So they are using the exchange they founded to price their bitcoin
trust.............hmmmm

> While the Trust’s investment objective is for the Shares to track the price
> of bitcoin as measured at 4:00 p.m. Eastern time using the Gemini Exchange
> Spot Price on each Business Day, the Shares may trade in the secondary
> market on BATS at prices that are lower or higher relative to the NAV. The
> amount of the discount or premium in the trading price relative to the NAV
> may be influenced by non-concurrent trading hours and liquidity between BATS
> and larger Bitcoin Exchanges in the Bitcoin Exchange Market.

This represents an interesting arbitrage opportunity. This could end up like
PHYS or SBT/CGT where they tend to trade at a discount to NAV.

> Under the License Agreement, the Sponsor is required to pay a monthly
> royalty equal to a percent of the net Sponsor Fee received by the Sponsor
> during the previous month based on a running royalty rate of between eight
> (8) percent and sixteen (16) percent of such net Sponsor Fees. WIP retains
> the right, but is not required, to terminate the license if the Sponsor does
> not meet a minimum royalty payment of $300,000 during the prior 12-month
> period, starting on the third anniversary of the License Agreement.
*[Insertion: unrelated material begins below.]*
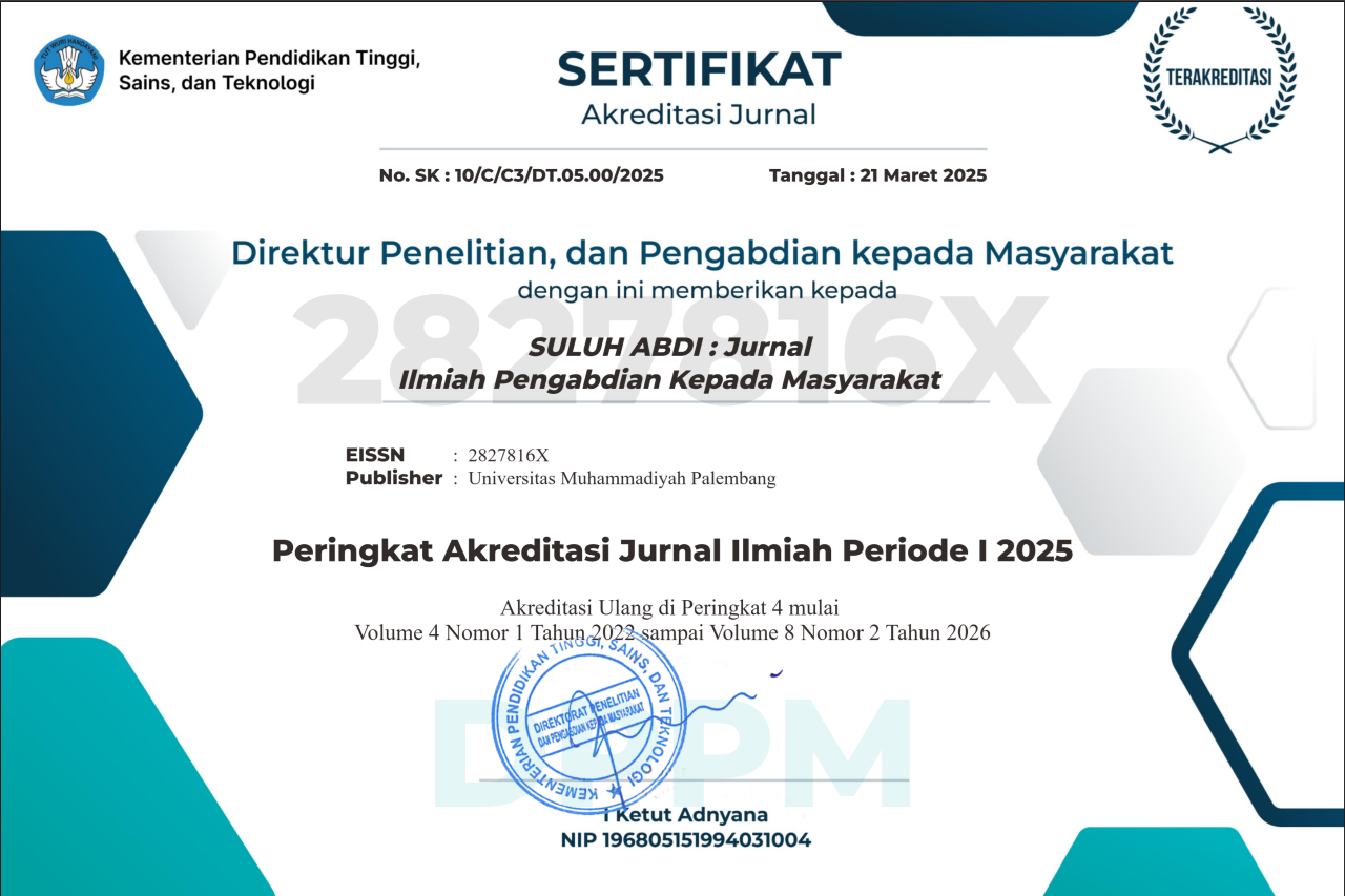 Suluh Abdi : Jurnal Ilmiah Pengabdian Kepada Masyarakat, dengan ISSN online 2827-816X dan ISSN cetak 2685-9688 diterbitkan oleh Lembaga Penelitian dan Pengabdian Kepada Masyarakat (LPPM) Universitas Muhammadiyah Palembang. Ini adalah jurnal berkala dua kali setahun yang ditelaah sejawat dan berfokus pada praktik dan proses keterlibatan masyarakat dan sebagai forum bagi akademisi, praktisi, dan perwakilan komunitas untuk mengeksplorasi isu-isu dan merefleksikan praktik yang berkaitan dengan berbagai aktivitas terlibat. Jurnal ini didedikasikan untuk publikasi penelitian berkualitas tinggi yang berfokus pada penelitian dan implementasi dari kegiatan pengabdian kepada masyarakat. Suluh Abdi saat ini terakreditasi SINTA 4 berdasarkan Surat Keputusan Direktur Jenderal Pendidikan Tinggi, Riset, Dan Teknologi Kementerian Pendidikan, Kebudayaan, Riset, Dan Teknologi Republik Indonesia Nomor (status pada arjuna masih dalam progres pembuatan Sertifikat Akreditasi ) (Download SK). Telah ditetapkan pada Maret 2025 keputusan Hasil Penilaian Akreditasi.

The
> Sponsor has the right to sublicense its rights within the Field of Use in
> exchange for an obligation to pay a seventy-five (75) percent royalty based
> on revenue and/or any other compensation, if any, collected from such sub-
> license.

I'm not sure what IP the wiklevoss' company WIP has licensed to the trust, but
getting a free $300,000/year sounds like a good deal from them and not so much
for the unit holders.

So the winklevoss' license IP to the fund , use their exchange to price the
fund and the custodian of the fund is Gemini Trust Company, LLC, which they
also control.

One other thing that looks dubious is that the sponsor is Digital Asset
Services, LLC, You might google that and find Digial Assests
[https://digitalasset.com/](https://digitalasset.com/) a legitimate blockchain
company, but you'd be wrong.

> The Trust’s Sponsor is Digital Asset Services, LLC. The Sponsor is a
> Delaware limited liability company formed on May 9, 2013, and is wholly-
> owned by Winklevoss Capital Management, LLC (“WCM”).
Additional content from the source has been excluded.